In order to obtain more favorable characteristics, the lower limit value of Conditional Expression (23) is more preferably 0.03, yet more preferably 0.034, and most preferably 0.038. In order to obtain more favorable characteristics, the upper limit value of Conditional Expression (23) is more preferably 0.065, yet more preferably 0.055, and most preferably 0.046.

The zoom lens according to the present disclosure may be configured to comprise an EX group EX that changes a focal length of the zoom lens by being inserted in or extracted from the optical path. For example, the EX group EX that changes the focal length of the zoom lens by being inserted in the optical path of the longest air spacing while keeping an imaging position constant may be configured to be insertable and extractable. In such a case, it is possible to obtain the zoom lens of which the focal length is changeable.

For example, FIG. 4 shows the EX group EX. The EX group EX in FIG. 4 consists of seven lenses. Further, FIG. 5 shows, as Example 1-1, a cross-sectional view showing a configuration and the luminous flux of the zoom lens in a case where the EX group EX of FIG. 4 is inserted in the zoom lens of FIG. 1. The final lens group GEE in FIG. 5 is configured to be different from the example in FIG. 1 such that the EX group EX is inserted in the final lens group GE in FIG. 1. The configuration of the other lens groups and groups in the example of FIG. 5 are the same as that in the example of FIG. 1. FIG. 5 shows a state where the infinite distance object is in focus, the left side thereof is an object side, and the right side thereof is an image side. In FIG. 5, the upper part labeled “Wide” shows a wide angle end state, and the lower part labeled “Tele” shows a telephoto end state. In FIG. 5, the luminous flux indicates the on-axis luminous flux and the luminous flux of the maximum half angle of view ωEw at the wide angle end, and the on-axis luminous flux and the luminous flux of the maximum half angle of view ωEt at the telephoto end. FIG. 5 does not show reference numerals of the first a-part group G1a, the first b-part group G1b, and the first c-part group G1c and arrows indicating movement directions during focusing.

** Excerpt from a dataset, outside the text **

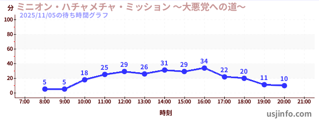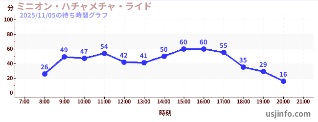 • ミニオン・ハチャメチャ・ライド$B$N(B2025年11月05日の待ち時間

In a case where the zoom lens comprises the above-mentioned EX group EX, the maximum image height may be configured to change by inserting or extracting the EX group EX. For example, in the wide angle end state, the maximum image height IHEw in the example shown in FIG. 5 is greater than the maximum image height IHw in the example shown in FIG. 1. With such a configuration, it is possible to obtain a zoom lens in a state of having a wider image circle while maintaining the angle of view.

It is preferable that the zoom lens satisfies Conditional Expression (24). Here, it is assumed that a focal length of the zoom lens in a state where the EX group EX is not inserted and the infinite distance object is in focus at the telephoto end is ft. It is assumed that the maximum half angle of view in a state where the EX group EX is not inserted and a state where the infinite distance object is in focus at the telephoto end is ωt. It is assumed that the focal length of the zoom lens in a state where the EX group EX is inserted and in a state where the infinite distance object is in focus at the telephoto end is fEt. It is assumed that the maximum half angle of view in a state where the EX group EX is inserted and in a state where the infinite distance object is in focus at the telephoto end is ωEt. The tan is a tangent. By not allowing the corresponding value of Conditional Expression (24) to be equal to or less than the lower limit value thereof, there is an advantage in simultaneously suppressing the various aberrations in a state where the EX group EX is not inserted and the various aberrations in a state where the EX group EX is inserted. By not allowing the corresponding value of Conditional Expression (24) to be equal to or greater than the upper limit value thereof, it is easy to obtain the image size obtained in a state where the EX group EX is inserted.

$\begin{matrix} 0.5 < (ft \times \tan ω t) / (fEt \times \tan ω Et) < 0.9 & (24) \end{matrix}$

In order to obtain more favorable characteristics, the lower limit value of Conditional Expression (24) is more preferably 0.55, yet more preferably 0.6, and most preferably 0.65. In order to obtain more favorable characteristics, the upper limit value of Conditional Expression (24) is more preferably 0.85, yet more preferably 0.8, and most preferably 0.75.

It is preferable that the zoom lens satisfies Conditional Expression (25). Here, it is assumed that a thickness of the EX group EX on the optical axis is DEX. For example, FIG. 5 shows the thickness DEX. By not allowing the corresponding value of Conditional Expression (25) to be equal to or less than the lower limit value thereof, there is an advantage in suppressing the aberration occurring in the EX group EX. By not allowing the corresponding value of Conditional Expression (25) to be equal to or greater than the upper limit value thereof, there is an advantage in achieving reduction in weight of the EX group EX.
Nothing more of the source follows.